By the time the agent understands your problem, it has very likely exceeded the sweet spot of effective context, and will begin trying to solve your problem with degraded intelligence.

The Reasoning Model Limitation

When considering reasoning models, like GPT-5, the problem is even more nuanced.

The power of a reasoning model is that it can think for many minutes before answering. Since o3 came out, these models have started to be able to call tools from their chain of thought, to gather additional information while reasoning. However, in coding agents, they must use tools to handle file changes, and so unlike research tasks where the model can collect information and then answer after the chain of thought, they have to answer from within the chain of thought, and thus never get the chance to fully utilize their ability to reason.

When you combine this nuance, with the problems outlined above of reading incomplete slices of your codebase before jumping to conclusions, you start to see a pattern of compounding inefficiencies that affect the quality of a model’s output, in the name of user convenience.

Reasoning models work best when they think and then act.

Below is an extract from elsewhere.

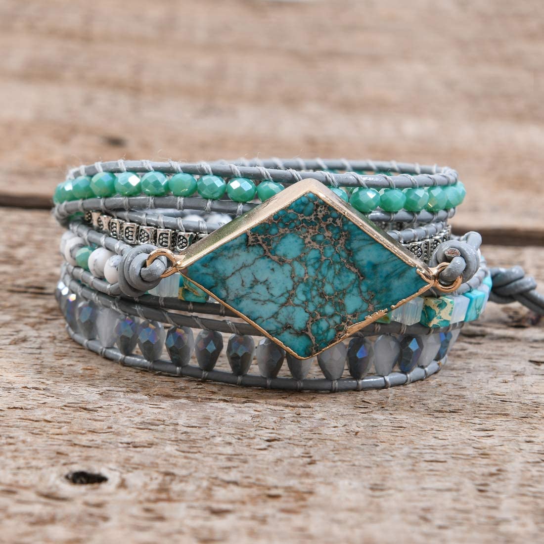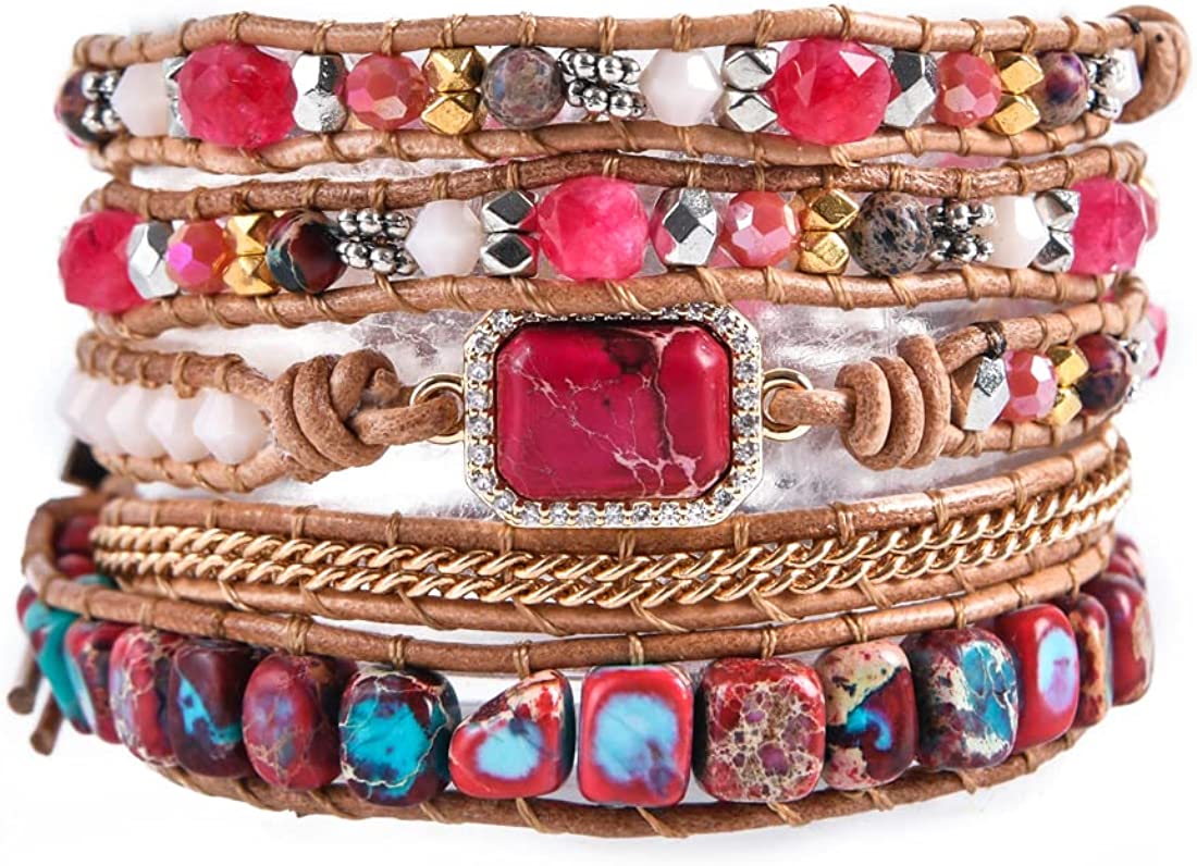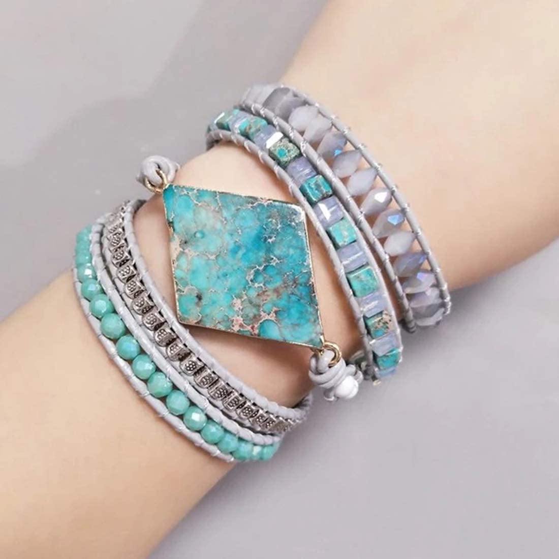 YGLINE Boho Handmade Wrap Leather Tube Crystal Stone Bracelet for Women

Repo Prompt’s Pro Edit workflow has tuned this by having models reason and then only after output a formatted response that contains all the edits. It turns out that this is also the best way to get a model like GPT-5 Pro to handle files edits. 5-Pro is a special case because, while it can call tools from it’s chain of thought, it is not 1 instance of GPT-5, but many. That model does well with calling tools to gather informating, but if you rely on tools to apply edits, it’s one of the many strands of GPT-5 handling the edits, rather than the consensus wisdom that comes from the final response.

It’s worth noting that there are other flavors of reasoning models, like Claude’s Anthropic models that do interleaved thinking, and tool calls. The above doesn’t exactly apply to those models. If you’re using Deepseek, Grok, Gemini or GPT models however, keep it in mind!

Planning and Discovery: A Better Approach

Given the limitations of context windows, before making any changes to a codebase, especially above a certain threshold of complexity (could an intern do this in an afternoon with minimal guidance?), it is important to start planning your changes.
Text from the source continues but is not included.